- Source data

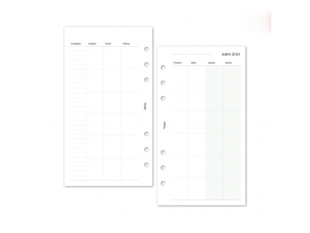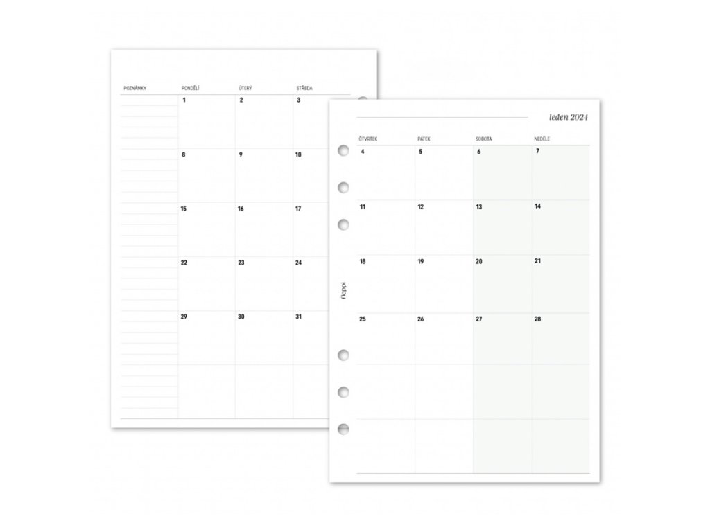 Náhradní náplň do diáře s měsíčními přehledy na rok 2024. Měsíce na dvoustraně následují hned za sebou, můžete si je tedy vložit na začátek svého kalendáře. Na úvodní stranu si navíc můžete zapsat své největší plány pro rok 2024 a na poslední straně najdete prostor pro poznámky.
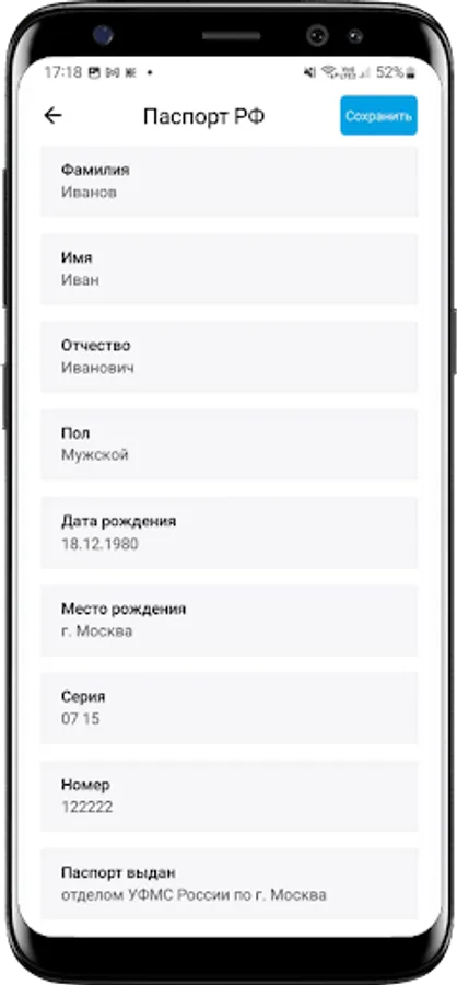 TIM is the most convenient, to date, tool for working with personal documents. Almost everyone has a moment when they need to provide their personal data to fill out questionnaires, contracts, statements, consents, etc. Not only can this process take a certain amount of time, but the document itself may not be with you. With our application, this problem is solved very easily.
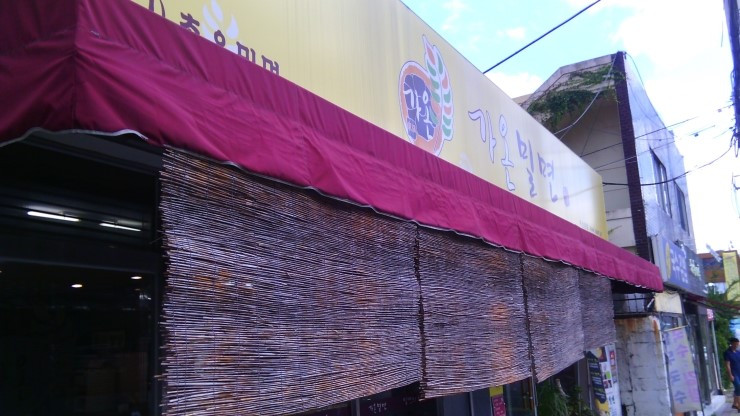 초연중학교 옆으로 내려왔다. 바로 근처에 가온밀면 본점이 있어서 들어가서 늦은 점심을 해결한다.
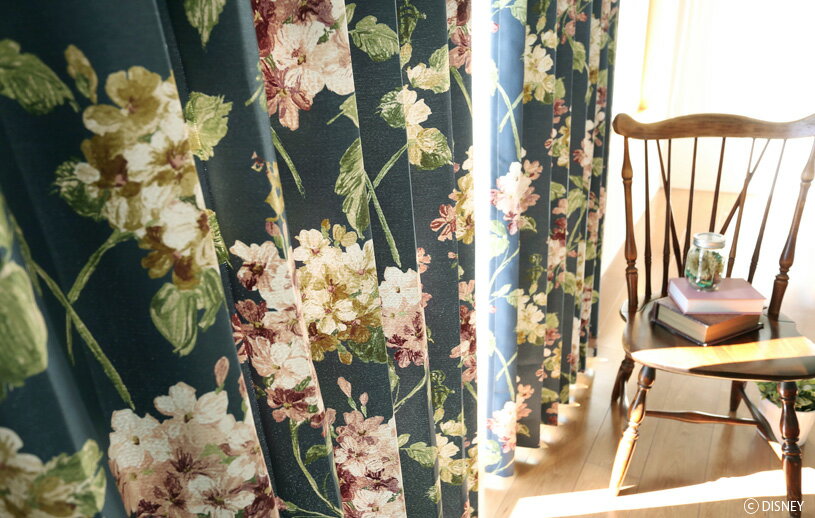 ディズニーホームシリーズ 〜アジサイ〜 ダークブルー 【撮影カーテン仕様】ヒダ数:標準1.5倍ヒダ(2つ山) クラシカルな雰囲気が漂う、アジサイの花が上品なドレープカーテン。
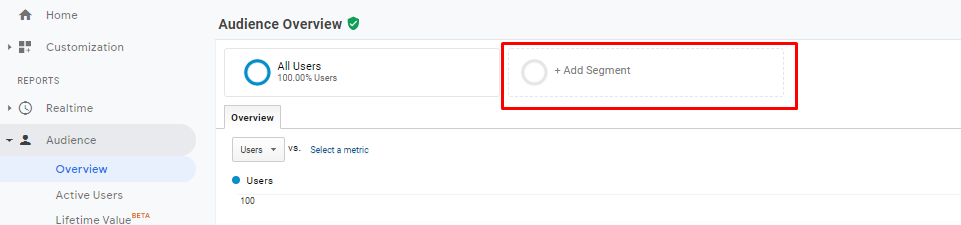 At the top of all reports, you can find information on which data belong to which segment. This section automatically comes pre-selected as “All Users”. You can select the segment you want or use the predefined segments by clicking on the “add segment” button.

- YOUR OBJECTIVE
Give back the exact lines above, running from the one that has "초연중학교 옆으로 내려왔다." through the one that has "ディズニーホームシリーズ 〜アジサイ〜 ダークブルー", with nothing added and no pictures.

- SOLUTION TO THE PROBLEM
 초연중학교 옆으로 내려왔다. 바로 근처에 가온밀면 본점이 있어서 들어가서 늦은 점심을 해결한다.
 ディズニーホームシリーズ 〜アジサイ〜 ダークブルー 【撮影カーテン仕様】ヒダ数:標準1.5倍ヒダ(2つ山) クラシカルな雰囲気が漂う、アジサイの花が上品なドレープカーテン。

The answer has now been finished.